This is a type of arbitrage style opportunity because we know the future price of the instrument, and are able to compare it with the current price combination. The math is not that difficult, but using a spreadsheet makes the calculations much simpler.
We start calculations by characterizing the two players as the target and the predator. The two most important variables are the price at which the trader purchases the target shares, and the eventual value of the predator shares once the takeover is completed.
We start with the current cost of the target shares. The offer has been announced, and we need to decide if we buy target shares today just how profitable this may be in the future given changes in the price of predator shares. Once we know these figures we can make a better estimate about the risk of the trade.
Next we establish the conditions of the takeover. In this example the predator is offering 20 predator shares for every 100 target shares.

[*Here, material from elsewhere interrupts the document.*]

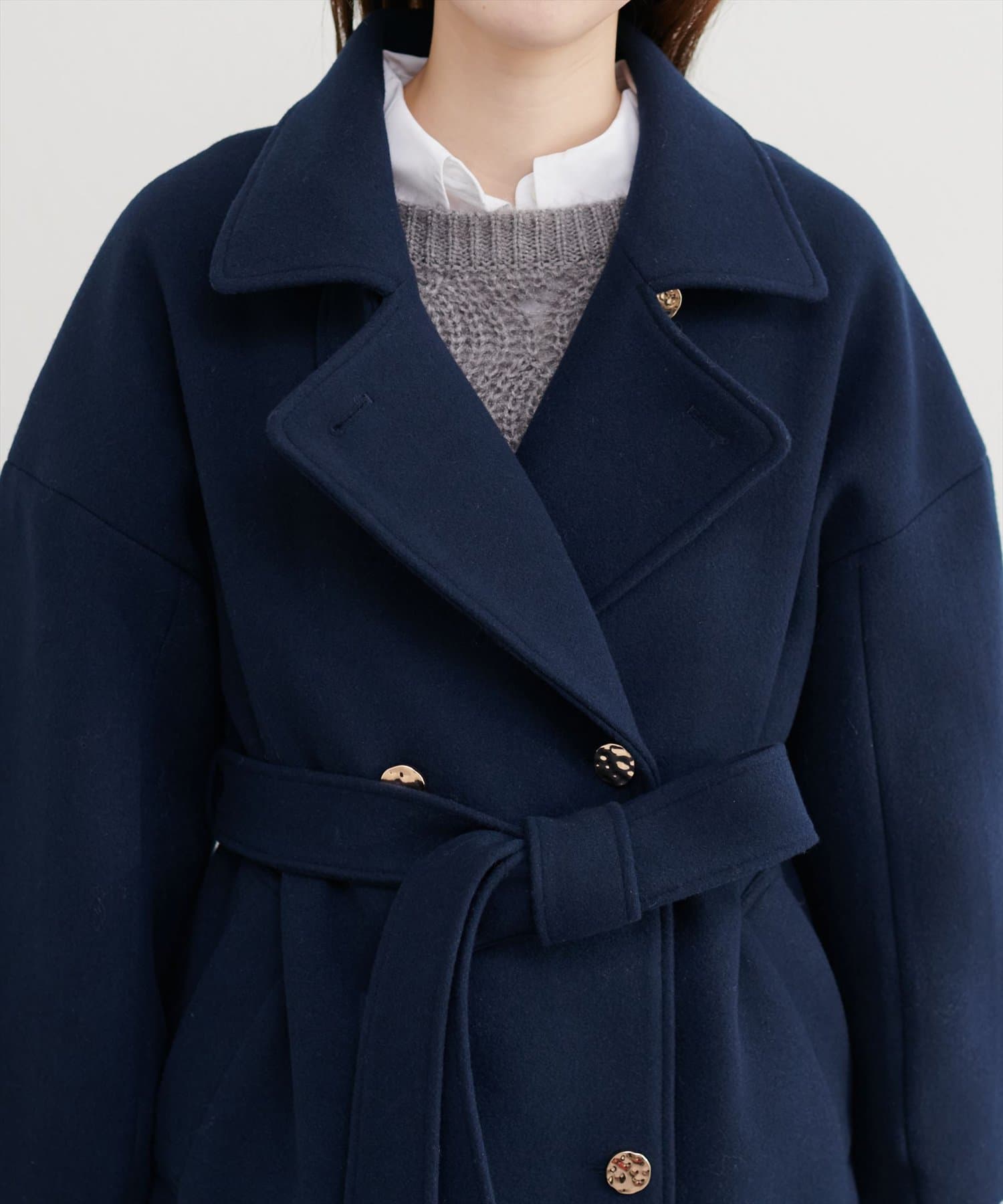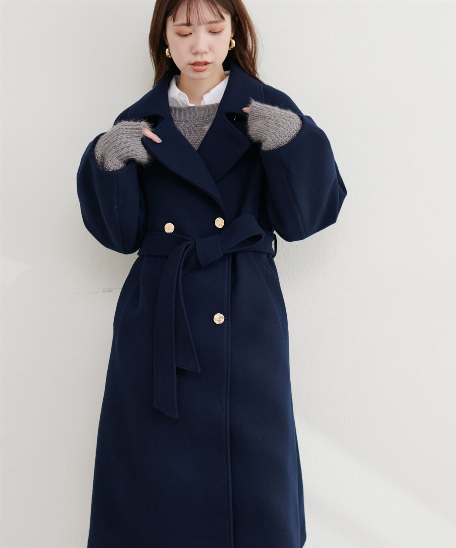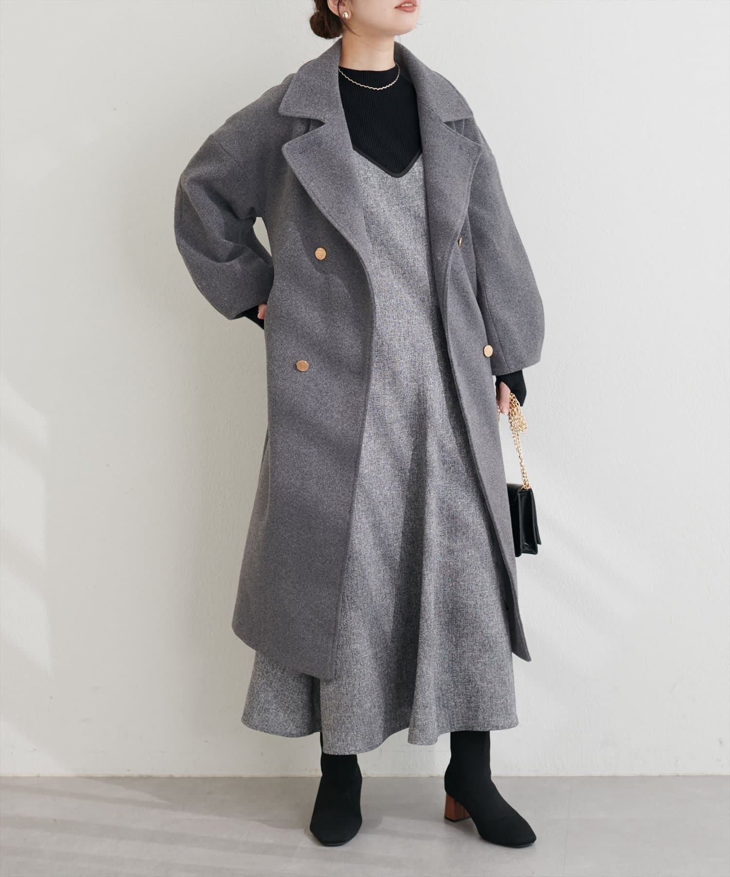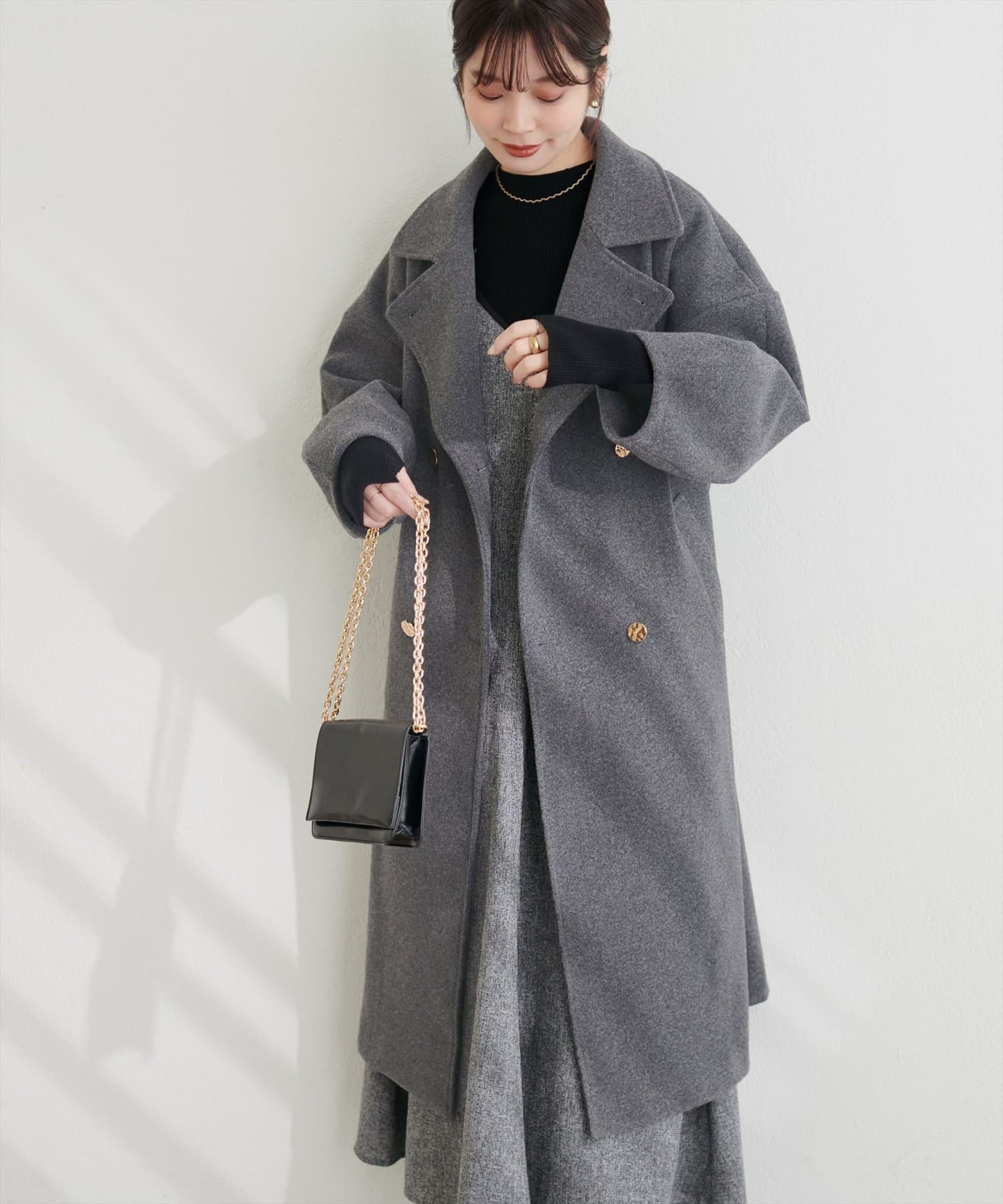 袖口はややコクーンシルエットなので、重厚感のあるアウターでもフェミニンな印象に。

The next most important variable is the current price of the predator shares. This price will change over the course of the takeover. The take over conditions remain in place for an extended period while the price of the predator shares varies according to market sentiment. Traders who decide to wait and convert their target shares into predator shares need to understand the impact of these price changes on the profitability of their trade.
The assumption is that the conditions of takeover remain the same. Once the predator price drops below $12.00 in this example this strategy becomes unprofitable. It is not until the predator price, when the shares are converted, reaches more than $13.80 with a 10% return, as shown by the red lines, that this strategy becomes relatively profitable.
Predator and prey calculations allow traders to make a better judgement about the strategy they prefer to use when a takeover offer is made. It tells them which is sweeter – Kraft or chocolate.